__WHAT TO PRODUCE__
The required output is every line from the one containing "기자 cut@donga.com |" through the last line of the listing below, copied exactly, pictures excluded.

ENTRIES SUPPLIED below:

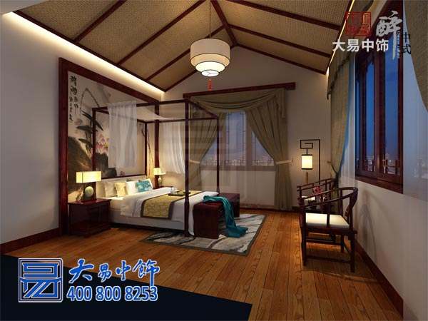 禪修別墅中式設計裝修,臥室采用人字形吊頂,宮燈高懸,映照出室內的樸素質(zhì)感。
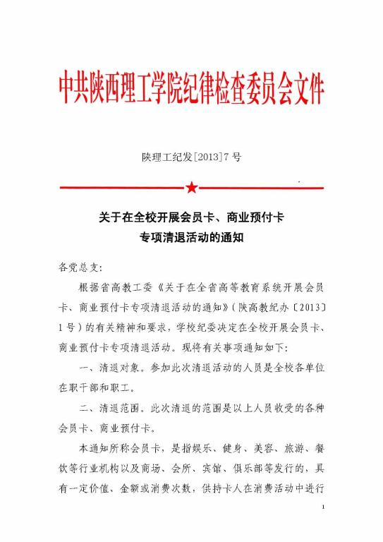 关于在全校开展会员卡、商业预付卡专项清退活动通知
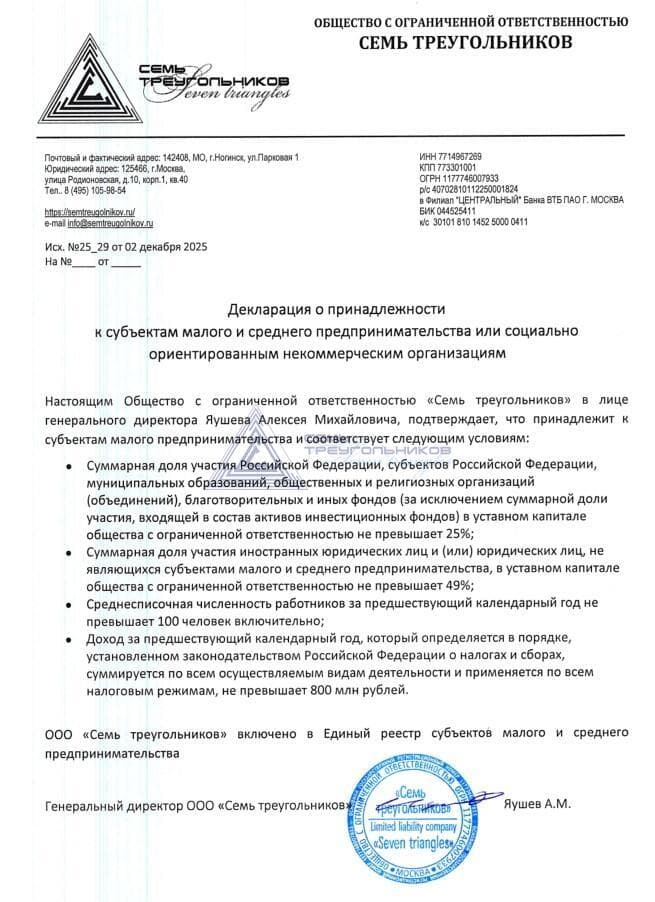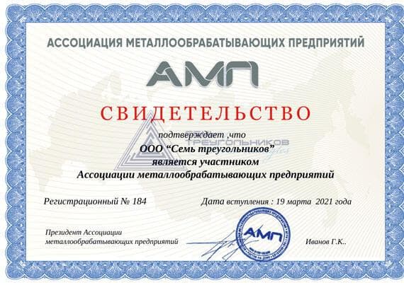 «Семь треугольников» — участник Ассоциации металлообрабатывающих предприятий.
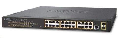 Popis Planet GS-4210-24P2S PoE+ switch 24x 10/100/1000Base-T, 802.3at do 300W, VLAN, SNMP/WEB
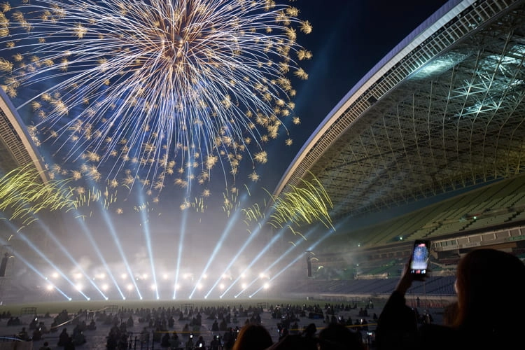 終演後もなお、観客からの絶え間ない歓声と拍手が鳴り続くなか、世界初の音楽花火ショー『Bruno Mars Fireworks Show 2025』は幕を閉じました。
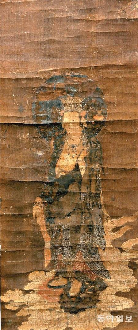| 최근 일본에서 한국으로 넘어온 고려 불화 ‘관음보살내영도’. 고려시대 내영도 가운데 아미타불 대신 관음보살을 그린 불화는 처음이다. 금가루로 칠한 관음보살의 보관과 목걸이, 팔찌, 옷자락이 더없이 화려하다. 변영욱 기자 cut@donga.com |
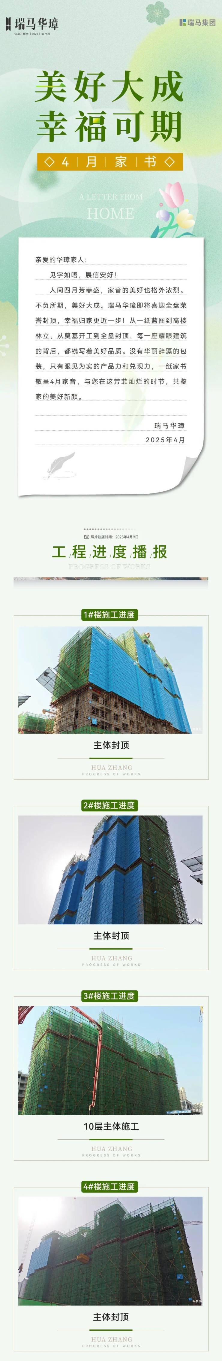 春风得意,未来可期。傲然风骨已成,家的轮廓愈发清晰。美好雕琢继续,奏响理想生活华章。瑞马华璋时刻铭记精工筑家的使命,步履不停,析毫剖厘,精雕细琢,只为不负每一位业主的殷切期望,每月定期敬呈家讯,共鉴幸福向往。、

End of ENTRIES SUPPLIED.

__OUTPUT OF THE EXERCISE__
| 최근 일본에서 한국으로 넘어온 고려 불화 ‘관음보살내영도’. 고려시대 내영도 가운데 아미타불 대신 관음보살을 그린 불화는 처음이다. 금가루로 칠한 관음보살의 보관과 목걸이, 팔찌, 옷자락이 더없이 화려하다. 변영욱 기자 cut@donga.com |
 春风得意,未来可期。傲然风骨已成,家的轮廓愈发清晰。美好雕琢继续,奏响理想生活华章。瑞马华璋时刻铭记精工筑家的使命,步履不停,析毫剖厘,精雕细琢,只为不负每一位业主的殷切期望,每月定期敬呈家讯,共鉴幸福向往。、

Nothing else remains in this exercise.